Other Matters for your consideration:

The following guidance is also provided in relation to the operation of the foreign investment fund (FIF) measures.

Methods of FIF taxation

 

There are three methods that can be used to determine the FIF income that have accrued to you in a particular income year. These are:

 

    1. the market value method

    2. the deemed rate of return method; or

    3. the calculation method.

 

It is expected that the majority of taxpayers who will be liable to tax under the FIF measures will use the market value method to work out the FIF income to include in their assessable income.

The deemed rate of return method is used only where you are unable to establish a market value for your FIF interest and you have not elected to use the calculation method.

The calculation method may be used if you have access to the financial accounts of the FIF and are able to determine your share of the FIFs calculated profit or calculated loss. The calculation method uses a simplified version of our taxation law to work out the profit of your FIF that is then attributed to you and included in your assessable income.

If there has been a calculated FIF loss under the market value method or the calculation method from a previous year of income, you may use the loss to reduce the income of the same FIF in the year of income to which the Private Ruling relates.

 

To assist with the calculation of your FIF income, please refer to Chapter 4 of the publication Foreign Investment Funds Guide 2009 -10 (NAT 2130). The publication can be downloaded from our website at www.ato.gov.au. You should type 'foreign investment funds guide' in the search dialogue box.

Repeal of FIF measures

The FIF measures which are the subject of the Private Ruling were repealed as part of broader reforms to Australia's foreign source income anti-tax-deferral (attribution) rules that were announced as part of the 2009-10 Federal Budget. The repeal applies from the 2010-11 income year.

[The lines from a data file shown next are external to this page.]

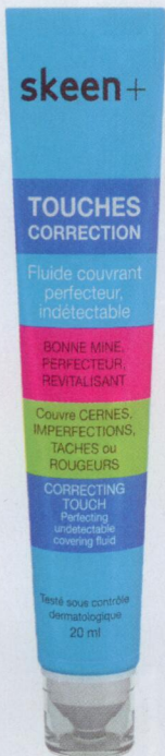
Skeen+ Touches Correction. 29 euros le tube de 20 ml.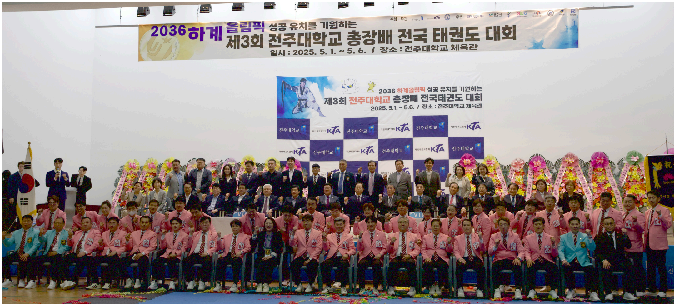
▲ 5월 1일부터 6일까지 진행된 총장배 태권도대회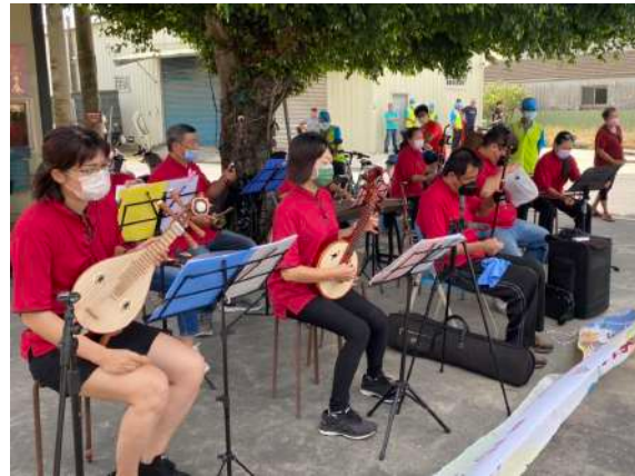
↑【111-1 埔心初階國樂班】西螺順天宮前表演 (2022.07.17)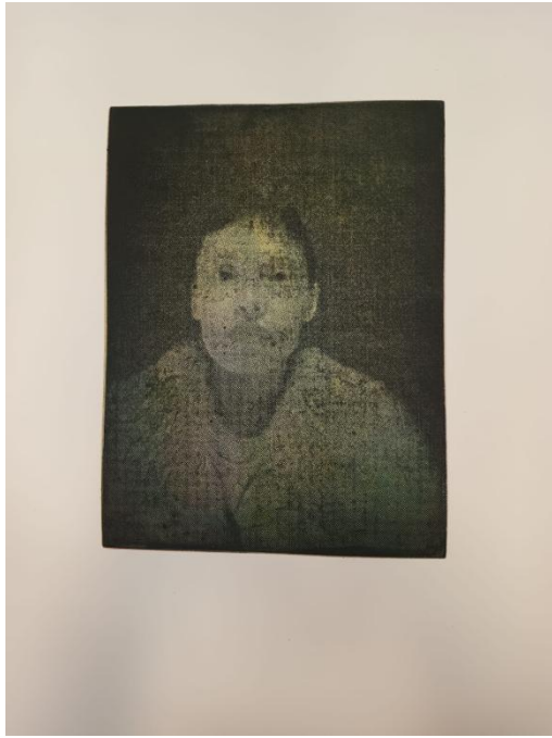
“Bez naslova”, fototransfer, akvatinta, 2024.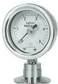
SAC型 ヘルールタイプ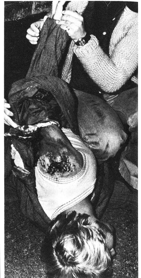
Le secourisme, spécialité des samaritains.

L'équilibre des avantages n'est-il pas l'un des meilleurs ingrédients d'un bon mariage?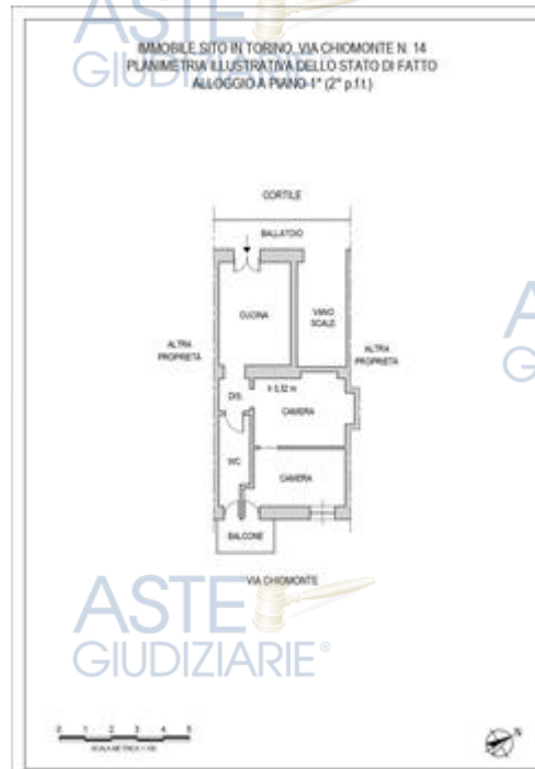
planimetria dello stato di fatto dell'alloggio p. 1°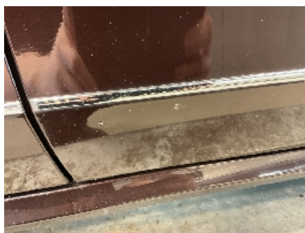
35. Lakk / karosseri utvendig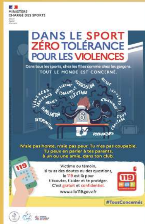
Affiche de prévention du Ministère des Sports, 2020

La loi de 2015 vise à protéger les sportifs de haut niveau et à sécuriser leur situation juridique et sociale : « Les sportifs, entraîneurs, arbitres et juges sportifs de haut niveau concourent, par leur activité, au rayonnement de la Nation et à la promotion des valeurs du sport. »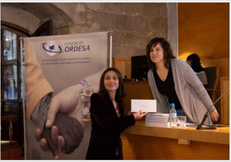
Entrega de premis Fundació Ordesa 21 de novembre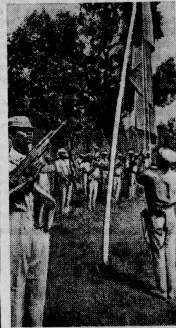
Народы Анголы, Мозамбика и Гвиней (Бисау) ведут вооруженную борьбу против португальских колонизаторов за независимость своей родины.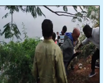
ਪੱਚਮਪੱਲੀ ਦੇ ਜਲਾਲਪੁਰ ਨੇੜੇ ਵਾਪਰਿਆ। ਹਾਦਸੇ ਦੇ ਸਮੇਂ ਕਾਰ ਵਿੱਚ ਛੇ ਲੋਕ ਸਵਾਰ ਸਨ।

ਹੈਦਰਾਬਾਦ ਲੋਕ ਬਾਣੀ- ਤੇਲੰਗਾਨਾ ਦੇ ਯਾਦਾਦਰੀ ਭੁਵਨਗਿਰੀ ਜ਼ਿਲ੍ਹੇ ਵਿੱਚ ਇੱਕ ਕਾਰ ਬੇਕਾਬੂ ਹੋ ਕੇ ਛੱਪੜ ਵਿੱਚ ਡਿੱਗ ਗਈ। ਇਸ ਹਾਦਸੇ ਵਿੱਚ ਪੰਜ ਲੋਕਾਂ ਦੀ ਮੌਤ ਹੋ ਗਈ ਅਤੇ ਇੱਕ ਵਿਅਕਤੀ ਸੁਰੱਖਿਅਤ ਬਚ ਗਿਆ। ਇਹ ਹਾਦਸਾ ਜ਼ਿਲ੍ਹੇ ਦੇ ਭੂਦਨ

As the FIF measures have been repealed, unapplied FIF losses cannot be carried forward to be recouped from assessable income from the income year commencing 1 July 2010.

Relief from double taxation

A distribution made by a FIF to a taxpayer will be exempt to the extent that the distribution was paid out of profits which were previously attributed to the taxpayer. Notwithstanding the repeal of the FIF measures, amounts previously taxed under the FIF rules will continue to be exempt from further tax upon their subsequent distribution.